■ About this task
Please set down exactly the lines of the listing below from the line containing "La etiqueta rectangular" through the line containing "2 部著作、80 余篇获奖论文,举办省内外讲座上百场,荣获多项省市级荣誉,成为区域学前教育改革的先行典范。", both lines included, leaving out all other lines.

■ Provided records
○ ○ ○ ○

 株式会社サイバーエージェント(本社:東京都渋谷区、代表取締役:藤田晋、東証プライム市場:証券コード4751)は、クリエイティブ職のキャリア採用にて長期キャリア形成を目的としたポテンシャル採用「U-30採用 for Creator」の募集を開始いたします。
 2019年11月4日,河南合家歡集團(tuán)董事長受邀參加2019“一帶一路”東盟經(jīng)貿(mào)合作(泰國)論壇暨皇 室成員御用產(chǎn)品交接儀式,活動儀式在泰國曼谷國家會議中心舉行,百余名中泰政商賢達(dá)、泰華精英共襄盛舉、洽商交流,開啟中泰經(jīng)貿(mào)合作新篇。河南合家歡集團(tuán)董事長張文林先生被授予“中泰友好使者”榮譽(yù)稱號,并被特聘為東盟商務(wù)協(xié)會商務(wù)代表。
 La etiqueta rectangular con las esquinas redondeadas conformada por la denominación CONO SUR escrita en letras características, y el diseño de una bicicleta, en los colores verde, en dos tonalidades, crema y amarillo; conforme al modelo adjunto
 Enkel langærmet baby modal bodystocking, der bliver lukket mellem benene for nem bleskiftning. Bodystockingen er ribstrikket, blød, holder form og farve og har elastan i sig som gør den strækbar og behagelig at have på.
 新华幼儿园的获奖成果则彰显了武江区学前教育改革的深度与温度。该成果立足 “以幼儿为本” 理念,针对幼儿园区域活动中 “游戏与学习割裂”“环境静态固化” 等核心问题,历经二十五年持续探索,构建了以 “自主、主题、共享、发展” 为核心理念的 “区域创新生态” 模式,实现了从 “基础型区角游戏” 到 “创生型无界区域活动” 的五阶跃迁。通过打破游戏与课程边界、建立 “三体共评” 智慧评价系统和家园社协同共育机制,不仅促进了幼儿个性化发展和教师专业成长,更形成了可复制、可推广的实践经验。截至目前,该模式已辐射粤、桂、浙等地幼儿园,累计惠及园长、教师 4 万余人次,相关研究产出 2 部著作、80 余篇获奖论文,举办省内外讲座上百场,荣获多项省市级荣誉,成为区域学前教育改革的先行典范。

○ ○ ○ ○

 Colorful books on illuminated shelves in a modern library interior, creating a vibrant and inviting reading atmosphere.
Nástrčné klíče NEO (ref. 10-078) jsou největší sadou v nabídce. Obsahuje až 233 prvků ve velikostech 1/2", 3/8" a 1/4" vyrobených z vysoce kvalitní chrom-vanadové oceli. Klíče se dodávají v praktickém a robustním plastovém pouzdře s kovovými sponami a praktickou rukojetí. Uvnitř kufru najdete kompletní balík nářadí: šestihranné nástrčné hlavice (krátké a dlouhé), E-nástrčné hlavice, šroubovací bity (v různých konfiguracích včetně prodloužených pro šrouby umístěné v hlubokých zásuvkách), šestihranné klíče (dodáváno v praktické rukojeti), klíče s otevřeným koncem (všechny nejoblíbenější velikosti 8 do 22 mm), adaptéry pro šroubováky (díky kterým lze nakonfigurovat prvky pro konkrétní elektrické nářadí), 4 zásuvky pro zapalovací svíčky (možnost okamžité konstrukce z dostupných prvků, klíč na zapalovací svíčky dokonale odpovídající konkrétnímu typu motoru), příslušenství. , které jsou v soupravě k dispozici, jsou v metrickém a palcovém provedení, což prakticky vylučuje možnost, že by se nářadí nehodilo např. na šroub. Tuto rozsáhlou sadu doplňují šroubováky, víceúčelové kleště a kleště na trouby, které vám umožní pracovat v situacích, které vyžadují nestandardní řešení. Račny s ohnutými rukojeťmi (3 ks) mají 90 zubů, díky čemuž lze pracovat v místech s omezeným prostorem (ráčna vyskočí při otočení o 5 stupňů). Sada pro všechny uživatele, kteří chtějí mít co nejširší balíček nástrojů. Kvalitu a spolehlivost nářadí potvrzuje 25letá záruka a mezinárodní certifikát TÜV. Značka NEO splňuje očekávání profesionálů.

○ ○ ○ ○

■ Task solution
 La etiqueta rectangular con las esquinas redondeadas conformada por la denominación CONO SUR escrita en letras características, y el diseño de una bicicleta, en los colores verde, en dos tonalidades, crema y amarillo; conforme al modelo adjunto
 Enkel langærmet baby modal bodystocking, der bliver lukket mellem benene for nem bleskiftning. Bodystockingen er ribstrikket, blød, holder form og farve og har elastan i sig som gør den strækbar og behagelig at have på.
 新华幼儿园的获奖成果则彰显了武江区学前教育改革的深度与温度。该成果立足 “以幼儿为本” 理念,针对幼儿园区域活动中 “游戏与学习割裂”“环境静态固化” 等核心问题,历经二十五年持续探索,构建了以 “自主、主题、共享、发展” 为核心理念的 “区域创新生态” 模式,实现了从 “基础型区角游戏” 到 “创生型无界区域活动” 的五阶跃迁。通过打破游戏与课程边界、建立 “三体共评” 智慧评价系统和家园社协同共育机制,不仅促进了幼儿个性化发展和教师专业成长,更形成了可复制、可推广的实践经验。截至目前,该模式已辐射粤、桂、浙等地幼儿园,累计惠及园长、教师 4 万余人次,相关研究产出 2 部著作、80 余篇获奖论文,举办省内外讲座上百场,荣获多项省市级荣誉,成为区域学前教育改革的先行典范。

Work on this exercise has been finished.